## WHAT TO WORK ON
What is needed is an exact transcription of every record, minus the pictures.

********************

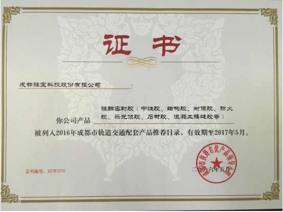 会议同期发布了《2016年成都市轨道交通配套产品推荐目录》。凭借强大的品牌影响力、过硬的产品质量、优质的售后服务体系,硅宝中性胶、结构胶、耐候胶、防火胶、采光顶胶、石材胶、混凝土接缝胶等系列硅酮密封胶产品,成功入选《2016年成都市轨道交通配套产品推荐目录》。此次入围配套产品推荐目录的产品,均为硅宝的明星产品,均有专利和科技成果支撑;硅宝产品成功入围该目录,为硅宝科技提升企业知名度和美誉度,扩大市场占有率提供了有力保障,奠定了坚实的基础。
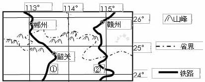 位于粤赣两省交界处的梅岭山区中的梅关古道,始通于秦汉,在粤汉铁路(今京广铁路南估)修建之前,是广东和外界最主要的通道之一,成为当时中国南北交通要道和经济文化交流的枢纽。读图回答9-11题。
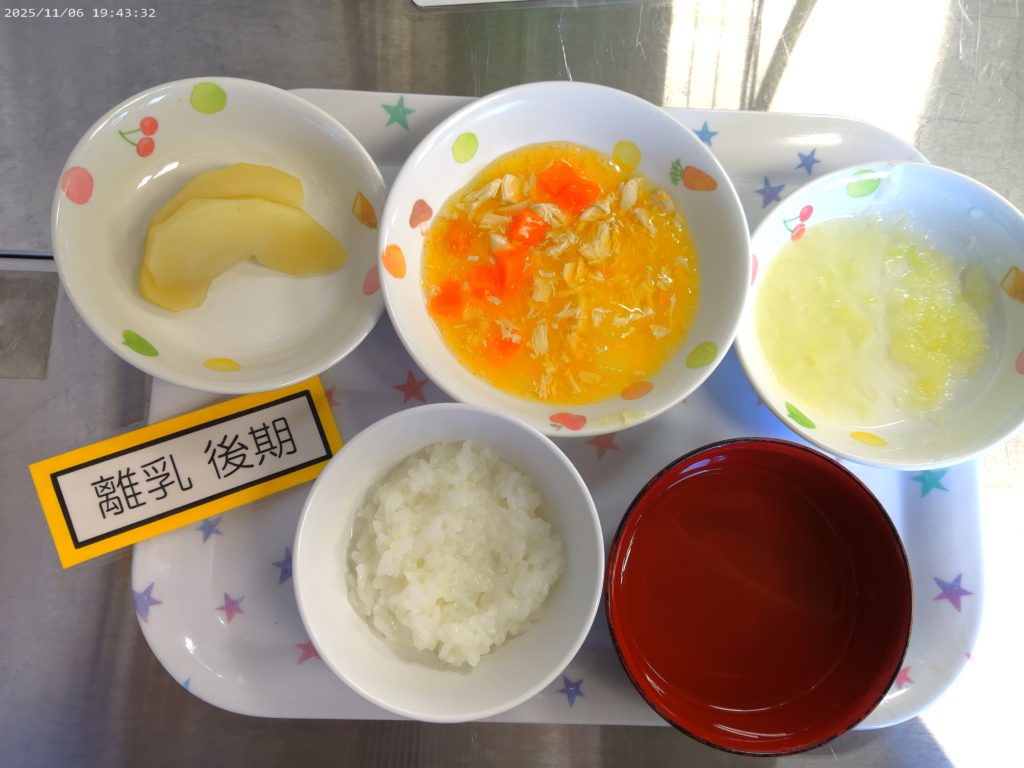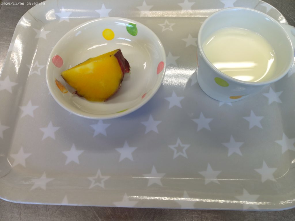 ホーム虹の子保育園今日の給食 11月21日(金)の給食 2025年11月21日 【今日の給食】かぼちゃのカレーライス フレンチサラダ スープ りんご 【離乳食 後期】 おかゆ 鶏肉とかぼちゃのほくほく煮 キャベツのお浸し だし汁 りんご煮 【午後おやつ】 牛乳 蒸かし芋 【離乳食 後期】 ミルク さつま芋のコロコロ煮
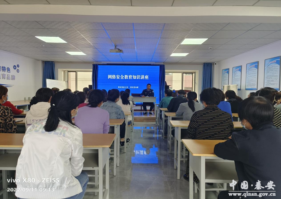 为进一步做好2022年国家网络安全教育宣传活动相关工作,促进全民共建网络安全,共享网络文明,增强广大职工网络信息安全意识。9月11日,秦安县总工会、县妇联、县公安局在秦安县乐邦家政技术培训学校开展“网络安全教育知识”讲座。80余名职工参加讲座。
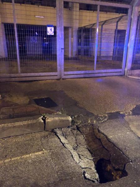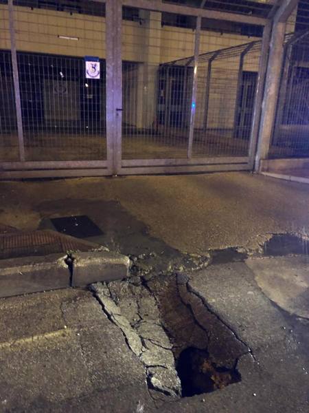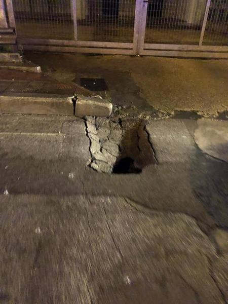 La causa, le infiltrazioni dovute alla pioggia incessante, in corrispondenza di un tombino e relative condotte idriche, per effetto della quale la superficie stradale ha lasciato il posto ad una voragine particolarmente profonda, anche se di circonferenza fortunatamente limitata.
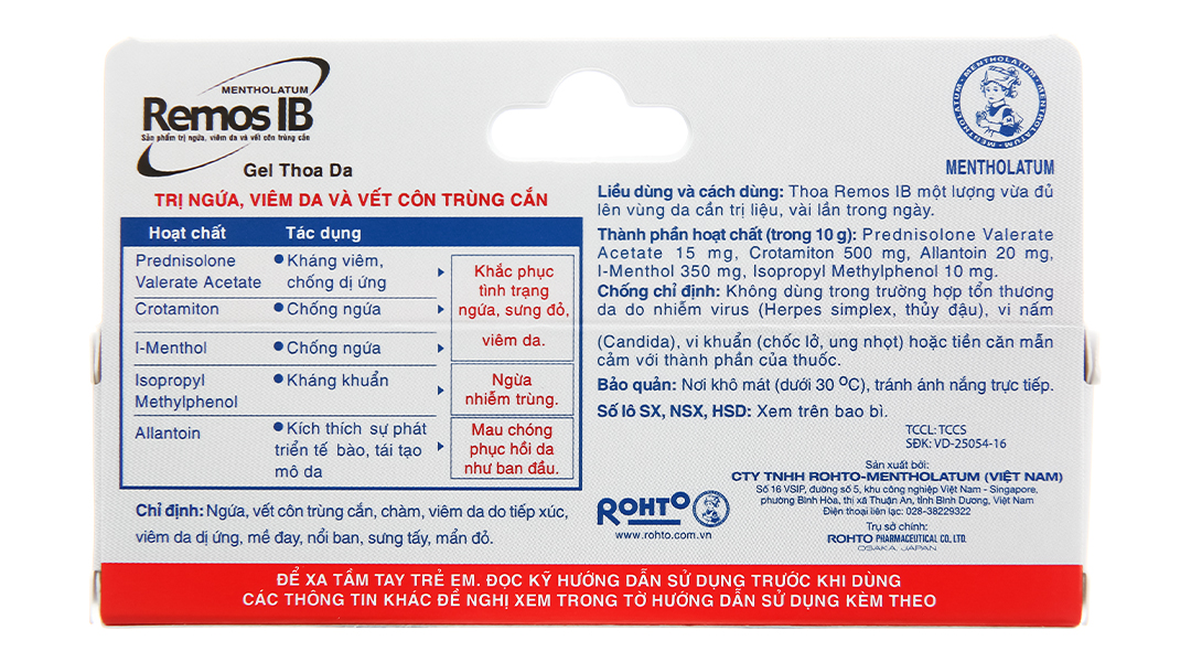 - Hoạt chất: Prednisolone Valerate Acetate 15mg, Crotamiton 500mg, Allantoin 20mg, l-Menthol 350mg, Isopropyl Methylphenol 10mg.
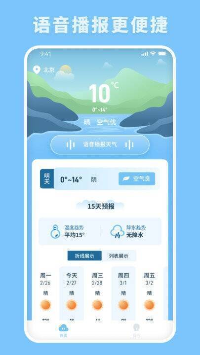该软件支持全国当地天气查看,能了解24小时天气,还可设置语音播报异常天气,为用户带来优质的查询服务。
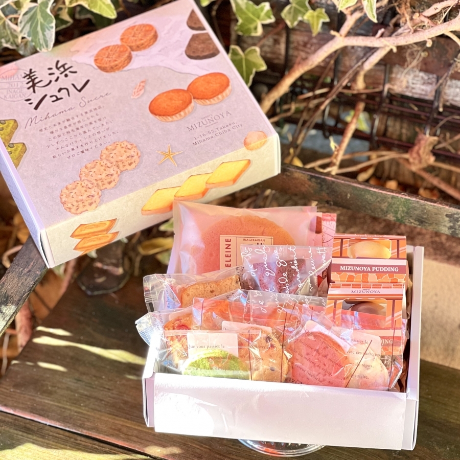 プリン・クッキー、パウンドケーキ、焼ドーナツ、マドレーヌ等々、人気商品を取り揃え詰め合わせたギフトです。
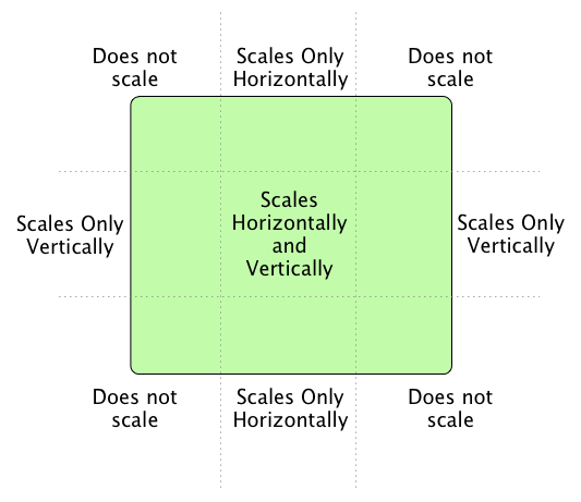 Часто изображения объектов, которые используются для создания игровой сцены имеют разный размер. Тоже самое относится к кнопкам и дополнительной анимации. Для облегчения процесса создания фонового изображения каждого объекта используется так называемое 9-фрагментное масштабирование. Этот метод позволяет создавать разные изображения для каждой из девяти зон, изменяя при этом их размер по своему усмотрению.
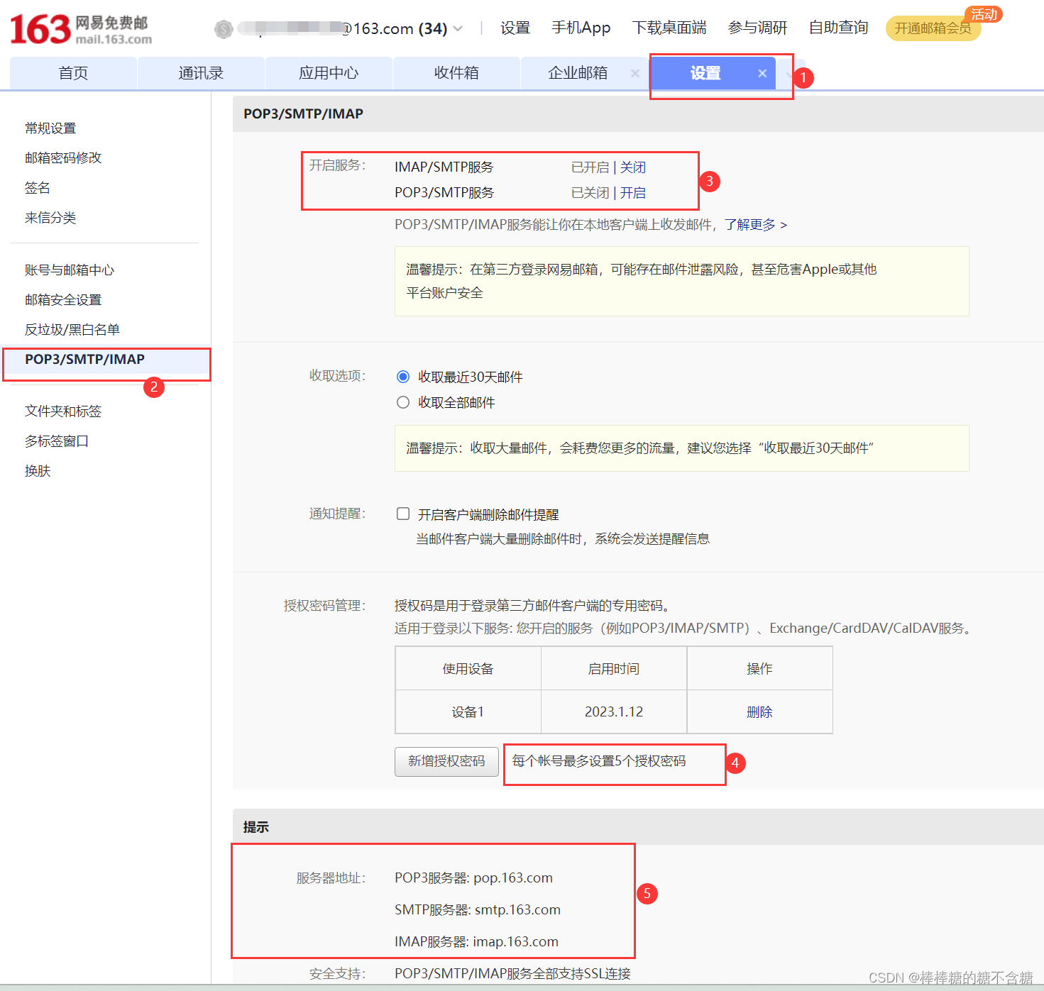 开通后,可以最多生成5个授权码,见④;⑤的地址用于邮件发送时需填写的服务器地址,本博客用不到,所以不做区别介绍。
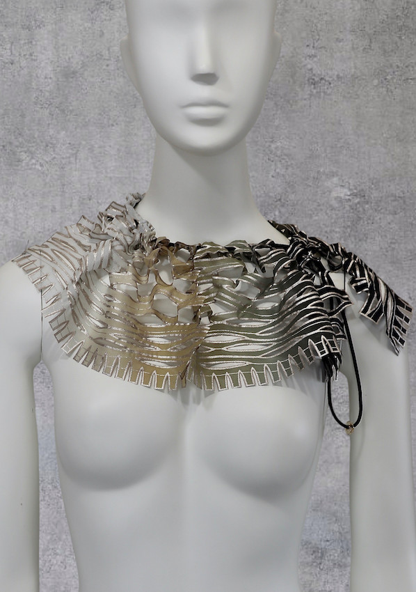 巻かずにストッパーで自由に調整できるMATOUシリーズのカラー(付け襟タイプ)です。

********************

## EXPECTED ANSWER
 会议同期发布了《2016年成都市轨道交通配套产品推荐目录》。凭借强大的品牌影响力、过硬的产品质量、优质的售后服务体系,硅宝中性胶、结构胶、耐候胶、防火胶、采光顶胶、石材胶、混凝土接缝胶等系列硅酮密封胶产品,成功入选《2016年成都市轨道交通配套产品推荐目录》。此次入围配套产品推荐目录的产品,均为硅宝的明星产品,均有专利和科技成果支撑;硅宝产品成功入围该目录,为硅宝科技提升企业知名度和美誉度,扩大市场占有率提供了有力保障,奠定了坚实的基础。
 位于粤赣两省交界处的梅岭山区中的梅关古道,始通于秦汉,在粤汉铁路(今京广铁路南估)修建之前,是广东和外界最主要的通道之一,成为当时中国南北交通要道和经济文化交流的枢纽。读图回答9-11题。
 ホーム虹の子保育園今日の給食 11月21日(金)の給食 2025年11月21日 【今日の給食】かぼちゃのカレーライス フレンチサラダ スープ りんご 【離乳食 後期】 おかゆ 鶏肉とかぼちゃのほくほく煮 キャベツのお浸し だし汁 りんご煮 【午後おやつ】 牛乳 蒸かし芋 【離乳食 後期】 ミルク さつま芋のコロコロ煮
 为进一步做好2022年国家网络安全教育宣传活动相关工作,促进全民共建网络安全,共享网络文明,增强广大职工网络信息安全意识。9月11日,秦安县总工会、县妇联、县公安局在秦安县乐邦家政技术培训学校开展“网络安全教育知识”讲座。80余名职工参加讲座。
 La causa, le infiltrazioni dovute alla pioggia incessante, in corrispondenza di un tombino e relative condotte idriche, per effetto della quale la superficie stradale ha lasciato il posto ad una voragine particolarmente profonda, anche se di circonferenza fortunatamente limitata.
 - Hoạt chất: Prednisolone Valerate Acetate 15mg, Crotamiton 500mg, Allantoin 20mg, l-Menthol 350mg, Isopropyl Methylphenol 10mg.
该软件支持全国当地天气查看,能了解24小时天气,还可设置语音播报异常天气,为用户带来优质的查询服务。
 プリン・クッキー、パウンドケーキ、焼ドーナツ、マドレーヌ等々、人気商品を取り揃え詰め合わせたギフトです。
 Часто изображения объектов, которые используются для создания игровой сцены имеют разный размер. Тоже самое относится к кнопкам и дополнительной анимации. Для облегчения процесса создания фонового изображения каждого объекта используется так называемое 9-фрагментное масштабирование. Этот метод позволяет создавать разные изображения для каждой из девяти зон, изменяя при этом их размер по своему усмотрению.
 开通后,可以最多生成5个授权码,见④;⑤的地址用于邮件发送时需填写的服务器地址,本博客用不到,所以不做区别介绍。
 巻かずにストッパーで自由に調整できるMATOUシリーズのカラー(付け襟タイプ)です。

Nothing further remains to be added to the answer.